DATASET EXTRACT ->
- - -
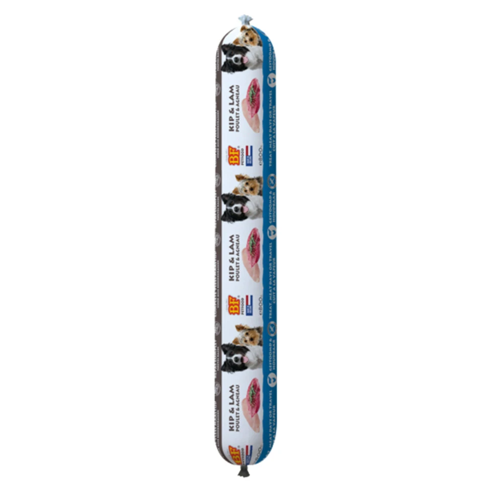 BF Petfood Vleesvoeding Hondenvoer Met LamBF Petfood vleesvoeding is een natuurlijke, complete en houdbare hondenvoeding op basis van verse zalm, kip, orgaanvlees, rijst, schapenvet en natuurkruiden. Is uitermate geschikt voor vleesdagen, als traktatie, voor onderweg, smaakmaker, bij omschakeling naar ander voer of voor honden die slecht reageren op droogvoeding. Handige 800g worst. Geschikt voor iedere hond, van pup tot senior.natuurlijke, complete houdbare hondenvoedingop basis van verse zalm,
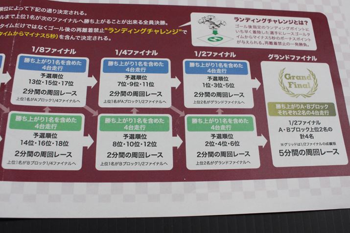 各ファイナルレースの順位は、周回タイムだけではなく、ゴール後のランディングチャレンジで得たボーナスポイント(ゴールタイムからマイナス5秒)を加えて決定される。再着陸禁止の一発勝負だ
- - -
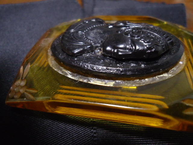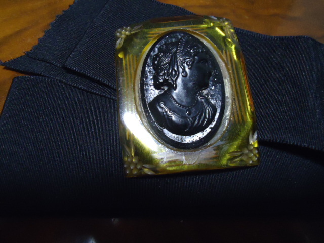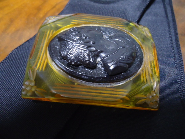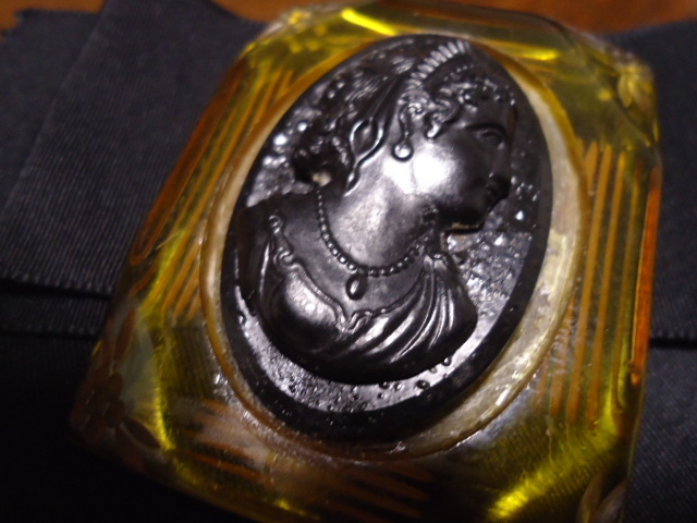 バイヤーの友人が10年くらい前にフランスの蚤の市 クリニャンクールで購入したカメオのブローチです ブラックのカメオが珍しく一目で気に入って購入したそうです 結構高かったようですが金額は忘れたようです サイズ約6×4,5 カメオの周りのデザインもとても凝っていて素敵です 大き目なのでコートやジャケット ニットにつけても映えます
- - -
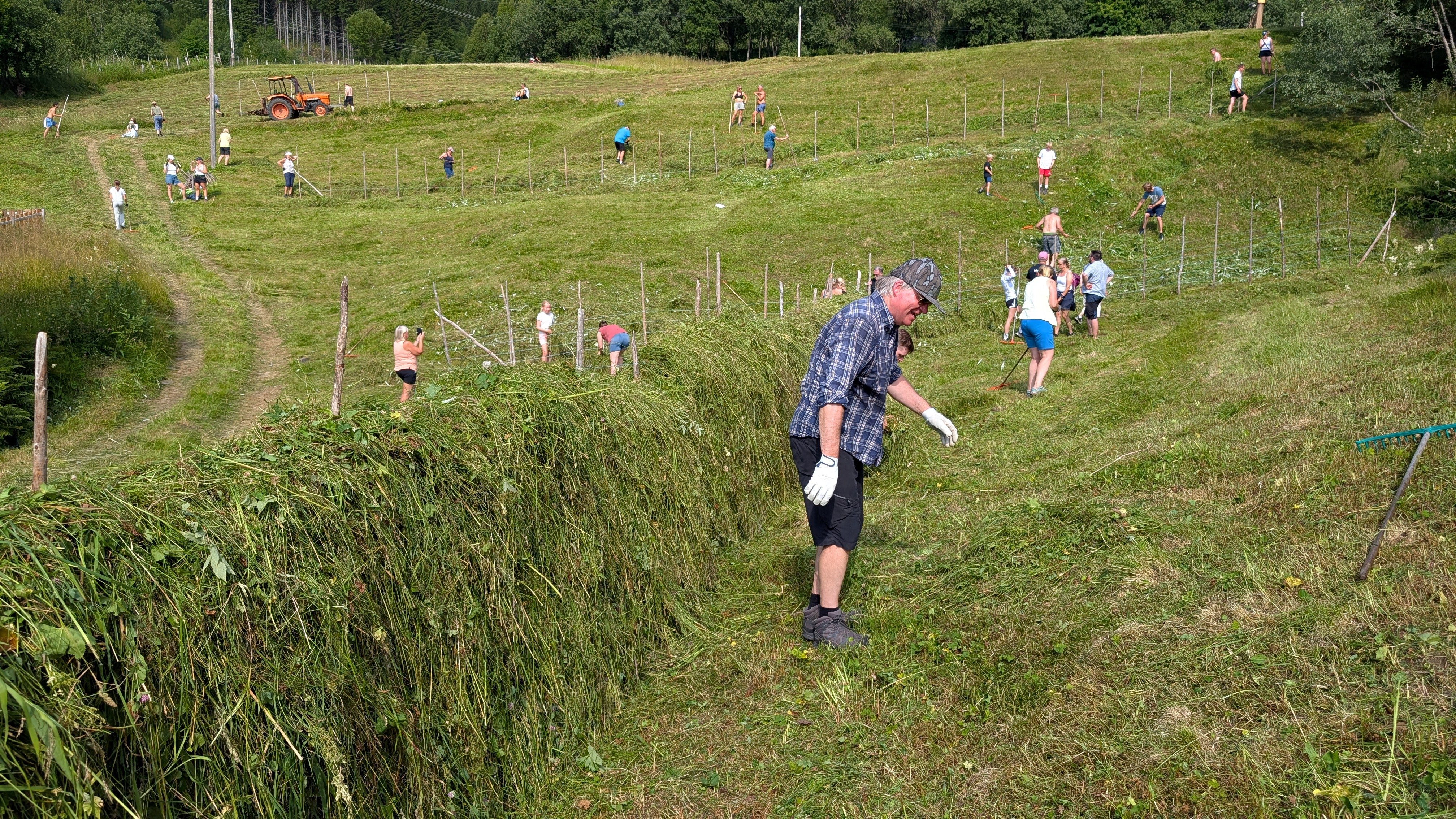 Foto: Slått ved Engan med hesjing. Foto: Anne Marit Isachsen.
- - -
ACTIVITY -> Of the lines above, quote exactly those from the one with "BF Petfood Vleesvoeding Hondenvoer" through the one with "各ファイナルレースの順位は、", ends included; pictures stay out.

SOLUTION FOR THIS TASK ->
 BF Petfood Vleesvoeding Hondenvoer Met LamBF Petfood vleesvoeding is een natuurlijke, complete en houdbare hondenvoeding op basis van verse zalm, kip, orgaanvlees, rijst, schapenvet en natuurkruiden. Is uitermate geschikt voor vleesdagen, als traktatie, voor onderweg, smaakmaker, bij omschakeling naar ander voer of voor honden die slecht reageren op droogvoeding. Handige 800g worst. Geschikt voor iedere hond, van pup tot senior.natuurlijke, complete houdbare hondenvoedingop basis van verse zalm,
 各ファイナルレースの順位は、周回タイムだけではなく、ゴール後のランディングチャレンジで得たボーナスポイント(ゴールタイムからマイナス5秒)を加えて決定される。再着陸禁止の一発勝負だ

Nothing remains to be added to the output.